━━━━━ Data excerpt ━━━━━
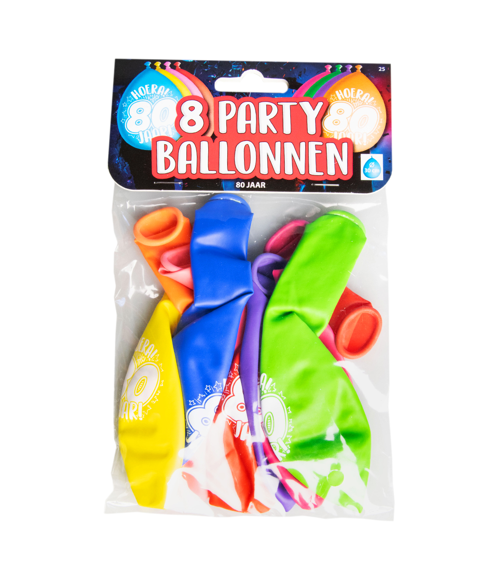Op zoek naar de perfecte decoratie voor de 80e verjaardag van een geliefde? Onze set van 8 latex ballonnen in verschillende kleuren is precies wat je zoekt! Elke ballon is bedrukt met het cijfer 80 in het wit, wat het extra feestelijk maakt. De ballonnen zijn gemaakt van hoogwaardig latexmateriaal en hebben een diameter van 30 cm, waardoor ze geschikt zijn voor zowel binnen- als buitengebruik. De verschillende kleuren ballonnen zorgen voor een vrolijke uitstraling en maken het feest compleet.
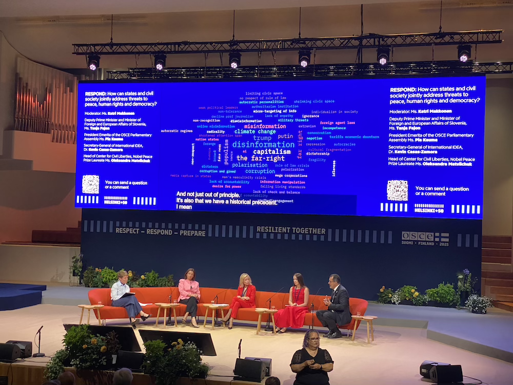 What can we learn from the past 50 years, and what are our ambitions for the next 50 years? These questions were posed in another official panel discussion. A young environmental and human rights activist, Helena Gualinga from Ecuador/Amazonas, who attended school in Finland, was allowed to speak. “Over the past two years, we have witnessed genocide—something that has not been discussed enough here today,” she said. “We all support Ukraine and can speak freely about it, but we are so afraid to mention Israel…” – here the audience applauded, but journalist Stephen Sackur, the panel’s moderator, interrupted her and reminded her that the OSCE states are not unanimous in calling the events in Gaza genocide. Gualinga replied: “It is precisely because we are unable to express ourselves clearly about these most horrific events that we are failing. What democratic values do we have then?” With this response, Gualinga drew further applause and seemed for a moment to cause the moderator to lose his composure.
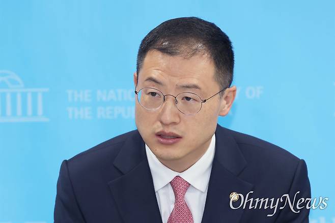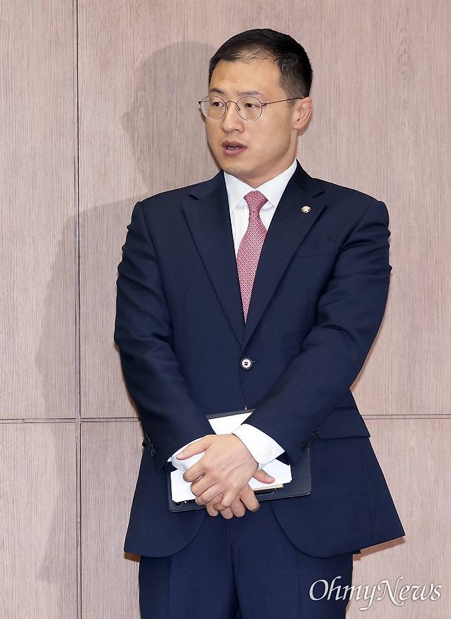 | ▲ 국민의힘을 탈당한 김상욱 의원이 15일 서울 여의도 국회 소통관에서 기자회견을 열고 이재명 더불어민주당 대선후보 지지 선언을 하기 위해 대기하고 있다. |
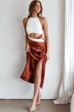 You’ll cause quite the commotion in our hot Social Butterfly midi dress. Featuring a cut-out waist and sexy thigh split. Perfect for a birthday celebration teamed with strappy tan heels and a small purse.
━━━━━
# Description of the task
Please transcribe the listing above verbatim and exclude every picture.

# Reply
Op zoek naar de perfecte decoratie voor de 80e verjaardag van een geliefde? Onze set van 8 latex ballonnen in verschillende kleuren is precies wat je zoekt! Elke ballon is bedrukt met het cijfer 80 in het wit, wat het extra feestelijk maakt. De ballonnen zijn gemaakt van hoogwaardig latexmateriaal en hebben een diameter van 30 cm, waardoor ze geschikt zijn voor zowel binnen- als buitengebruik. De verschillende kleuren ballonnen zorgen voor een vrolijke uitstraling en maken het feest compleet.
 What can we learn from the past 50 years, and what are our ambitions for the next 50 years? These questions were posed in another official panel discussion. A young environmental and human rights activist, Helena Gualinga from Ecuador/Amazonas, who attended school in Finland, was allowed to speak. “Over the past two years, we have witnessed genocide—something that has not been discussed enough here today,” she said. “We all support Ukraine and can speak freely about it, but we are so afraid to mention Israel…” – here the audience applauded, but journalist Stephen Sackur, the panel’s moderator, interrupted her and reminded her that the OSCE states are not unanimous in calling the events in Gaza genocide. Gualinga replied: “It is precisely because we are unable to express ourselves clearly about these most horrific events that we are failing. What democratic values do we have then?” With this response, Gualinga drew further applause and seemed for a moment to cause the moderator to lose his composure.
 | ▲ 국민의힘을 탈당한 김상욱 의원이 15일 서울 여의도 국회 소통관에서 기자회견을 열고 이재명 더불어민주당 대선후보 지지 선언을 하기 위해 대기하고 있다. |
 You’ll cause quite the commotion in our hot Social Butterfly midi dress. Featuring a cut-out waist and sexy thigh split. Perfect for a birthday celebration teamed with strappy tan heels and a small purse.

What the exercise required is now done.